*** Opening of MATERIAL PROVIDED ***

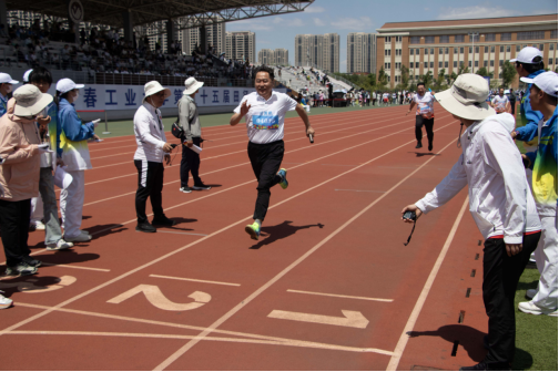 混合异程接力赛中,教工组团队严阵以待,默契配合。从交接棒的精准到冲刺的爆发,在全场山呼海啸般的呐喊助威声中,团队以战术智慧与协作精神完成接力,成为赛场焦点。
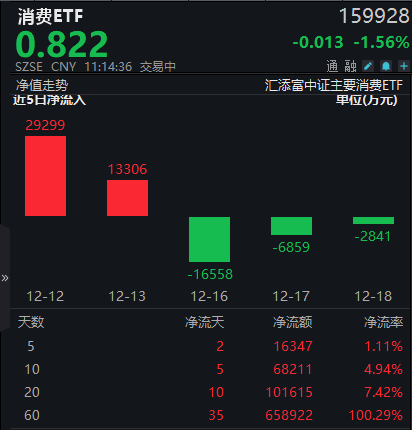 资金面上,受政策利好消息影响,消费ETF(159928)近10日净流入超6.8亿元,近60日更是“吸金”超65亿元!截至12月18日,最新基金份额174.47亿份,基金规模145.61亿元,保持基金上市以来高位!在同类ETF产品中遥遥领先!
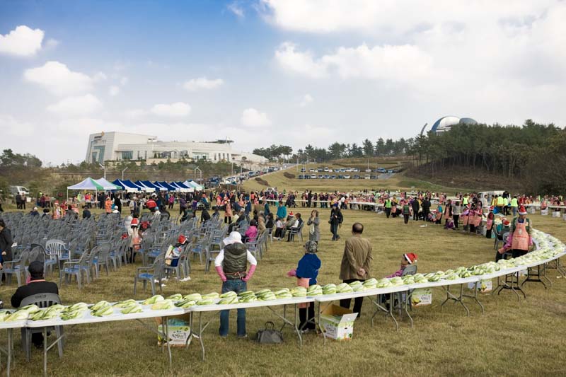 2011년 땅끝해남 김장축제 때 공룡형상을 한 1004m 한줄 연결하기가 한국 기록원이 인증한 기네스기록을 달성했다. 지난 12일 황산면 우항리 공룡화석지에서 열린 땅끝해남 김장축제에서는 공룡 형상을 한 해남절임배추 1004m 한 줄 연결하기와 함께 해남 5합 선포식이 함께 진행됐다. 한편 2010년 처음 열린 김장축제는 413m 길이를 연출해 한국기네스에 올랐고 포격사건으로 힘든 나날을 보내던 연평도 주민들에게 전달됐다. 박영자 기자/

*** Close of MATERIAL PROVIDED ***

- **EXERCISE DETAILS**
Nothing but the pictures may be dropped as you repeat the listing above exactly.

- **FINISHED TASK**
 混合异程接力赛中,教工组团队严阵以待,默契配合。从交接棒的精准到冲刺的爆发,在全场山呼海啸般的呐喊助威声中,团队以战术智慧与协作精神完成接力,成为赛场焦点。
 资金面上,受政策利好消息影响,消费ETF(159928)近10日净流入超6.8亿元,近60日更是“吸金”超65亿元!截至12月18日,最新基金份额174.47亿份,基金规模145.61亿元,保持基金上市以来高位!在同类ETF产品中遥遥领先!
 2011년 땅끝해남 김장축제 때 공룡형상을 한 1004m 한줄 연결하기가 한국 기록원이 인증한 기네스기록을 달성했다. 지난 12일 황산면 우항리 공룡화석지에서 열린 땅끝해남 김장축제에서는 공룡 형상을 한 해남절임배추 1004m 한 줄 연결하기와 함께 해남 5합 선포식이 함께 진행됐다. 한편 2010년 처음 열린 김장축제는 413m 길이를 연출해 한국기네스에 올랐고 포격사건으로 힘든 나날을 보내던 연평도 주민들에게 전달됐다. 박영자 기자/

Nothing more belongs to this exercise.